Panera Opens Its First Digital-Only To Go Restaurant in Chicago; Two More Ahead
Panera To Go has debuted in Chicago, marking another step in the growing transition from dine-in restaurants to smaller footprints, increased use of customer-facing technologies, and expanding options for customers to still eat the food they wanted before Covid… but at home. Focused on pickup and delivery orders, the Chicago cafe is the first of three scheduled to open this year. The next two will be in Washington, D.C., and an as yet undisclosed location in California. The new model’s front of house design does not offer any seating. The brand is testing delivery and rapid pickup on shelves that guests and delivery drivers can access quickly and easily. At the end of 2021, 81% of Panera’s sales were through its off-premise channels (delivery, rapid pickup, drive-thru, and catering). Panera is also looking at including kiosk and catering orders to the new format in the future.

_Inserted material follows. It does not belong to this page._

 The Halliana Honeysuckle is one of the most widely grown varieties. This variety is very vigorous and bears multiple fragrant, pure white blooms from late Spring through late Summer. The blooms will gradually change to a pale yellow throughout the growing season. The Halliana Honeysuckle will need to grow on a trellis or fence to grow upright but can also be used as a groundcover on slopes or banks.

Choice Hotels To Acquire Radisson Hotel Group Americas for $675 Million
Choice Hotels International has entered a definitive agreement to acquire the franchise business, operations, and intellectual property of Radisson Hotel Group Americas (the U.S., Canada, and Latin America. The deal, valued at approximately $675 million, will add 9 brands, 624 hotels, and more than 68,000 rooms and expand Choice Hotels’ presence in the upscale and core upper-midscale hospitality segments, particularly in the West Coast and Midwest of the U.S., according to the announcement. The acquisition includes 10 Radisson Blu hotels, 130 Radisson hotels, 9 Radisson Individuals, 1 Park Plaza hotel, 4 Radisson RED hotels, 453 Country Inn & Suites by Radisson, and 17 Park Inn by Radisson hotels, as well as the Radisson Inn & Suites and Radisson Collection brands.

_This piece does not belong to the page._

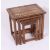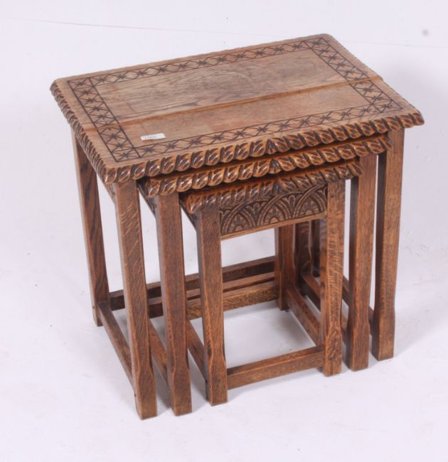 A Jacobean style carved oak nest of tables being raised on squared legs with stretchers having graduating tops above

The Last Howard Johnson’s Has Shut Its Doors Forever in Lake George, New York
It’s the end of an era for millions of Americans who grew up with the welcoming orange-roofed family restaurants, with their now-legendary fried clams and 28 ice cream flavors (long pre-dating Baskin-Robbins’ 31 flavors). For many, the childhood magic of entering a world of sights and smells has long gone. Yet, as the brand slowly faded as a preferred road stop for Americans throughout the U.S., an increasing number of younger Americans today have never seen, or even heard of, the brand.
Found 97 years ago in 1925 in Quincy, Massachusetts by Howard Deering Johnson, HoJo’s was the largest restaurant chain in the U.S. in the 1960s and 1970s, with more than 1,000 combined company-owned and franchised outlets. The company opened its first motor lodges in the 1950s, and by the late 1970s boasted more than 1,000 restaurants and more than 500 motor lodges in 42 U.S. states and Canada, marking its peak before beginning a slow and steady decline that ended this year. According to one source, in 1965 Howard Johnson’s sales exceeded the combined sales of McDonald’s, Burger King, and Kentucky Fried Chicken.

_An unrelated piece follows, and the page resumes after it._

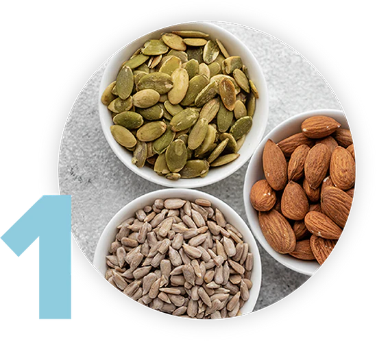 Pumpkin seeds are rich in omega-6s, phosphorus, manganese, magnesium, and iron, and support prostate, bladder, and blood health.*

In his book “Ten Restaurants That Changed America,” historian Paul Freedman credited the company with pioneering “several key concepts in the American way of dining out: roadside locations, a family-friendly ambience, franchising, predictability and serving comfort food long before that term was invented.” (Wikipedia)
In 1969, The Howard Johnson Company tried a new restaurant concept, Ground Round.
Speaking about his famous 28 flavors, Johnson was quoted as saying, “I thought I had every flavor in the world.”